Prof.in Dr.in Susanne Keuchel, Vorsitzende der Bundesvereinigung Kulturelle Kinder- und Jugendbildung (BKJ)
AGJ
Die Vorsitzende der Arbeitsgemeinschaft für Kinder und Jugendhilfe (AGJ) Prof.in Dr.in Karin Böllert warnt vor den Folgekosten, die die geplanten Kürzungen im KJP mit sich brächten:
Das ist Sparen an der Gegenwart und Zukunft der jungen Generation und erzeugt in jedem Fall höhere Folgekosten.

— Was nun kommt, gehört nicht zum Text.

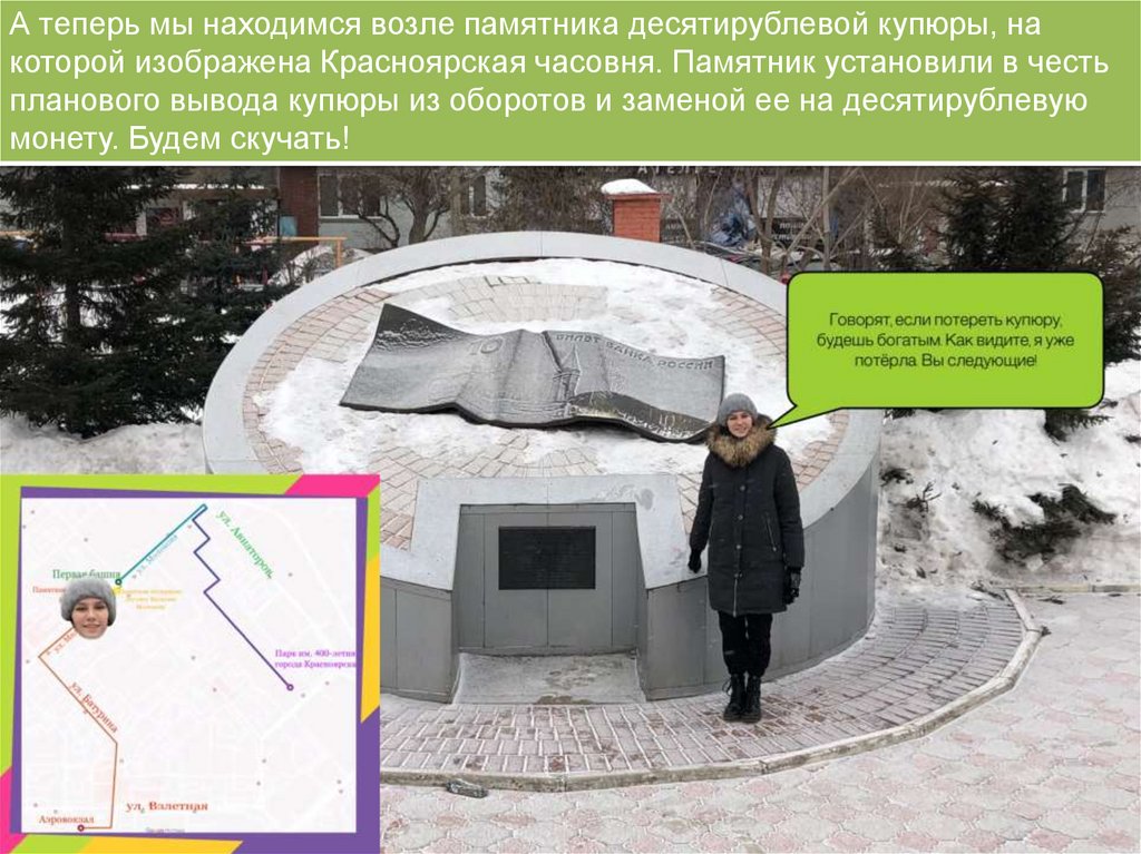 А теперь мы находимся возле памятника десятирублевой купюры, накоторой изображена Красноярская часовня. Памятник установили в честь

Prof.in. Dr.in Karin Böllert, Vorsitzende der AGJ
DBJR
Von „fatal“ und „Trugschluss“ ist die Rede bei den Vorsitzenden des Deutschen Bundesjugendrings (DBJR):
Aus unserer Sicht ist die Entscheidung der Bundesregierung, den Kinder- und Jugendplan des Bundes massiv um fast ein Fünftel zu kürzen, ein fatales Signal für junge Menschen in Deutschland. Die Bundesregierung nimmt in Kauf, mühsam und über Jahre aufgebaute Strukturen für Kinder, Jugendliche und junge Erwachsene in kurzer Zeit zu zerschlagen. Der Umgang der Bundesregierung mit der Zivilgesellschaft, welche die Demokratie in Deutschland trägt, macht mir große Sorgen.
Daniela Broda, Vorsitzende DBJR
Mit diesen Plänen liegt die Bundesregierung einem fiskalischen Trugschluss auf: Anstatt im Interesse der jungen Generation zu handeln, spart die Bundesregierung an der Zukunft. Das, was heute nicht in junge Menschen investiert wird, wird uns als Gesellschaft in einigen Jahren noch sehr teuer zu stehen kommen.
Wendelin Haag, Vorsitzender DBJR
AdB
Der Vorsitzende des Arbeitskreises deutscher Bildungsstätten (AdB), Boris Brokmeier, warnt vor den gesellschaftlichen Konsequenzen, die ein Wegfall zahlreicher Angebote der Kinder- und Jugendarbeit zur Folge hätte:
Die Kürzungen im Kinder- und Jugendplan des Bundes sind nicht zu verantworten! Sie treffen junge Menschen, weil sie dazu führen werden, dass Angebote, Räume, Gelegenheiten für Kinder und Jugendliche für gemeinsames Erleben, für Austausch und neue Erfahrungen gestrichen werden. Auch die Angebote politischer Bildung werden davon betroffen sein. Ich kann nicht glauben, dass in Zeiten von wachsender Demokratieverdrossenheit und Hassrede im Netz, von Verschwörungserzählungen und erstarkendem Rechtspopulismus ausgerechnet bei der politischen Bildung für junge Menschen gespart werden soll. Wie passt das zu einer Koalition, die sich Freiheit und Gerechtigkeit auf die Fahnen geschrieben hat?
Boris Brokmeier, Vorsitzender des Arbeitskreises deutscher Bildungsstätten (AdB)
dsj
Welche gesellschaftliche Bedeutung der Sport für Kinder und Jugendliche einnimmt, lässt sich durch den Beitrag von Setfan Raid, Vorsitzender der Deutschen Sportjugend (dsj), erahnen:
Der Jugendsport ist der Motor unserer Gesellschaft! Wir brauchen ausreichend finanzielle Förderung, um als handlungsfähige Jugendsportstrukturen essentielle Beiträge, wie Bewegungsförderung, Stärkung von Partizipation, Engagement von jungen Menschen, politische Bildung und Gesundheitsförderung für unsere Gesellschaft zu leisten.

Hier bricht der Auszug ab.